**Problem details:** Copy out exactly the lines from the one containing "928 - إِبْرَاهِيم" to the last line of the records below, both included, and leave out any pictures.

──────── Given data ────────

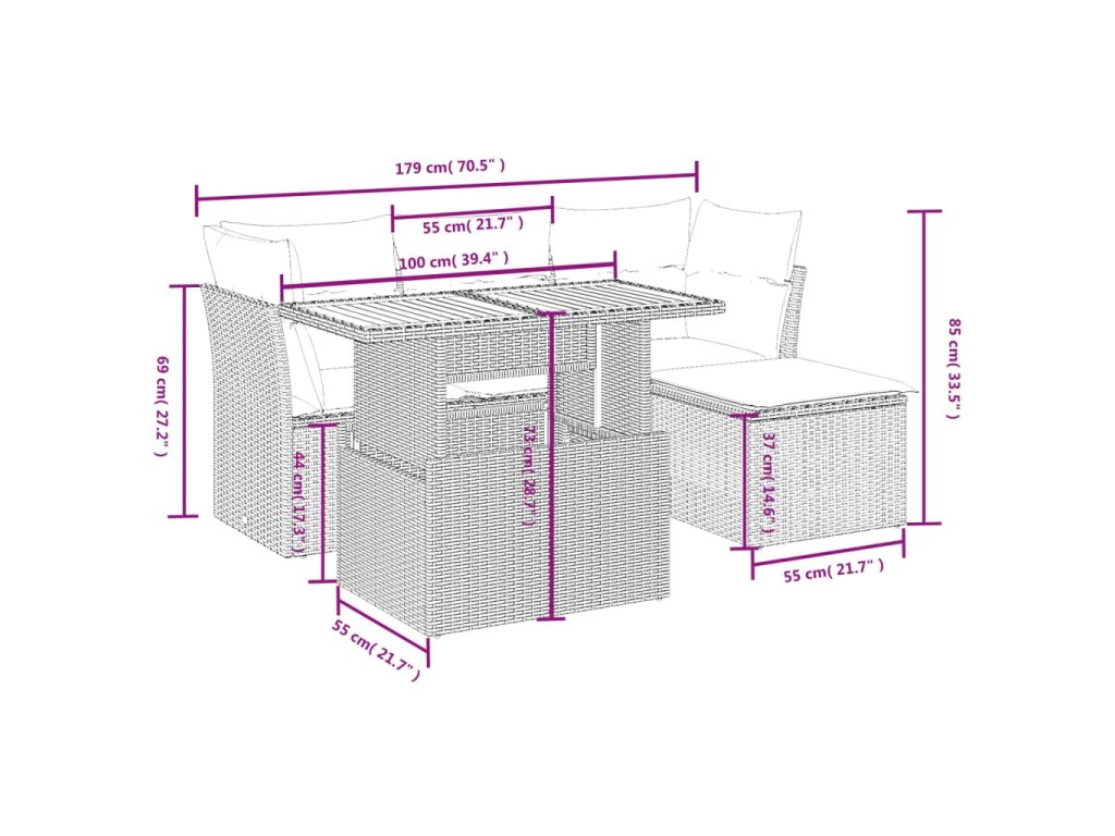 Tato zahradní sedací souprava je dokonalým doplňkem vaší zahrady, terasy nebo dvorku a poskytne vám pohodlné a příjemné místo, kde si můžete povídat s rodinou a přáteli nebo jen tak odpočívat a užívat si pobyt venku.
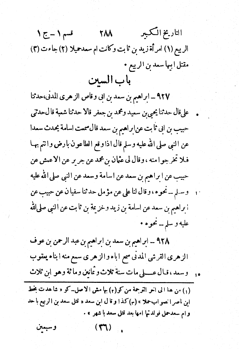 928 - إِبْرَاهِيم بْن سَعْد بْن إِبْرَاهِيم بْن عَبْد الرَّحْمَن بْن عَوْف الزُّهْرِيّ الْقُرَشِيّ الْمَدَنِيّ سَمِعَ أباه والزُّهْرِيّ سَمِعَ منه ابناه يعقوب وسعد، قَالَ علي مات سنة ثلاث وثمانين ومائة وهو ابن ثلاث
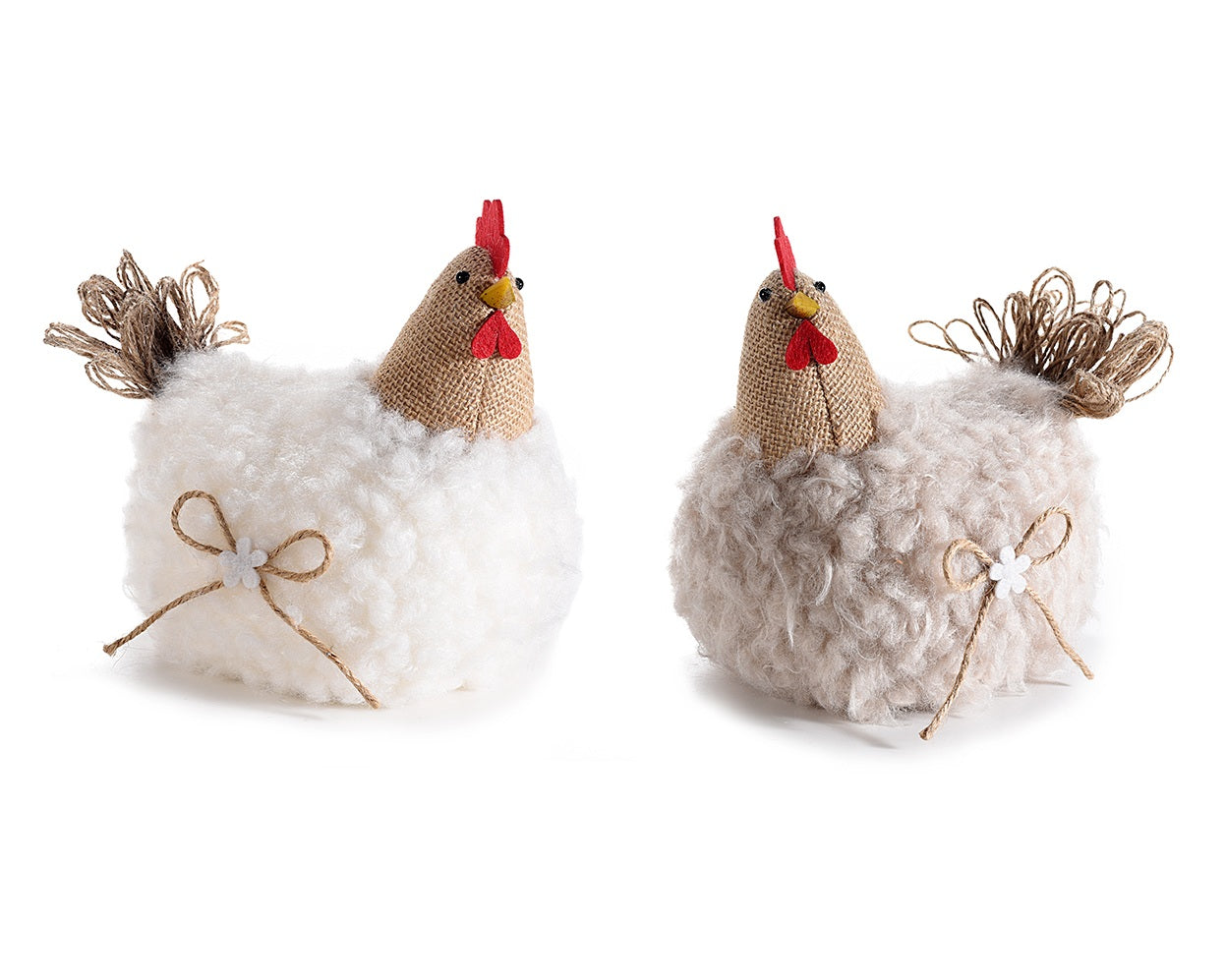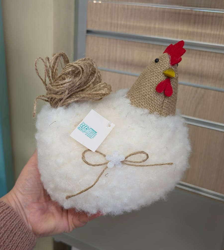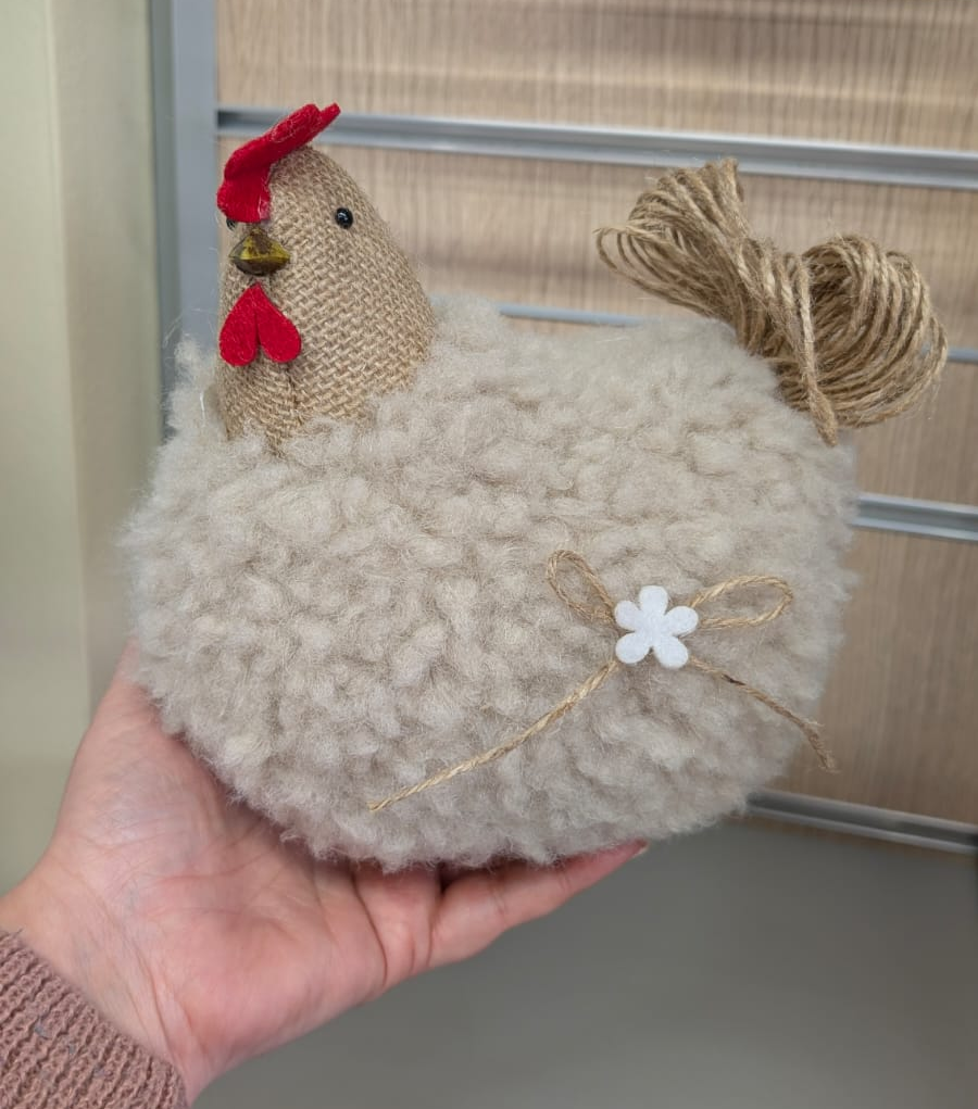 Deliziosa gallinella campagnola decorativa, realizzata in morbido pelo per donare un tocco caldo e accogliente alla tua casa durante il periodo pasquale e primaverile. Il design rustico e curato nei dettagli, con testina in tessuto effetto juta, fiocchetto decorativo e piccolo decoro floreale, la rende perfetta per arricchire qualsiasi ambiente con stile naturale.
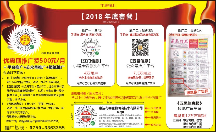 1、【江门信息】小程序平台:共4次(每星期1次),带红包分类帖子宣传。说明:每次可变换内容。
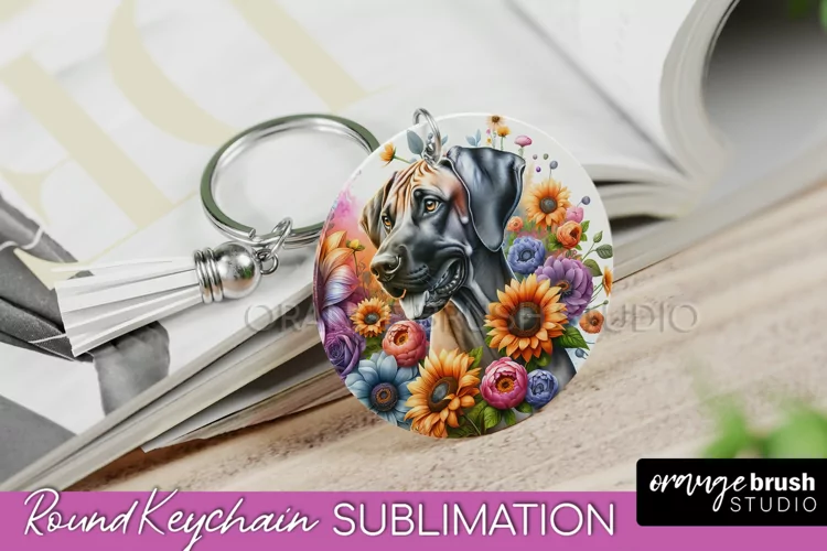 Rhodesian Ridgeback Keychain Dog Sublimation Floral PNG example image 1

────────

**Answer to this problem:**
 928 - إِبْرَاهِيم بْن سَعْد بْن إِبْرَاهِيم بْن عَبْد الرَّحْمَن بْن عَوْف الزُّهْرِيّ الْقُرَشِيّ الْمَدَنِيّ سَمِعَ أباه والزُّهْرِيّ سَمِعَ منه ابناه يعقوب وسعد، قَالَ علي مات سنة ثلاث وثمانين ومائة وهو ابن ثلاث
 Deliziosa gallinella campagnola decorativa, realizzata in morbido pelo per donare un tocco caldo e accogliente alla tua casa durante il periodo pasquale e primaverile. Il design rustico e curato nei dettagli, con testina in tessuto effetto juta, fiocchetto decorativo e piccolo decoro floreale, la rende perfetta per arricchire qualsiasi ambiente con stile naturale.
 1、【江门信息】小程序平台:共4次(每星期1次),带红包分类帖子宣传。说明:每次可变换内容。
 Rhodesian Ridgeback Keychain Dog Sublimation Floral PNG example image 1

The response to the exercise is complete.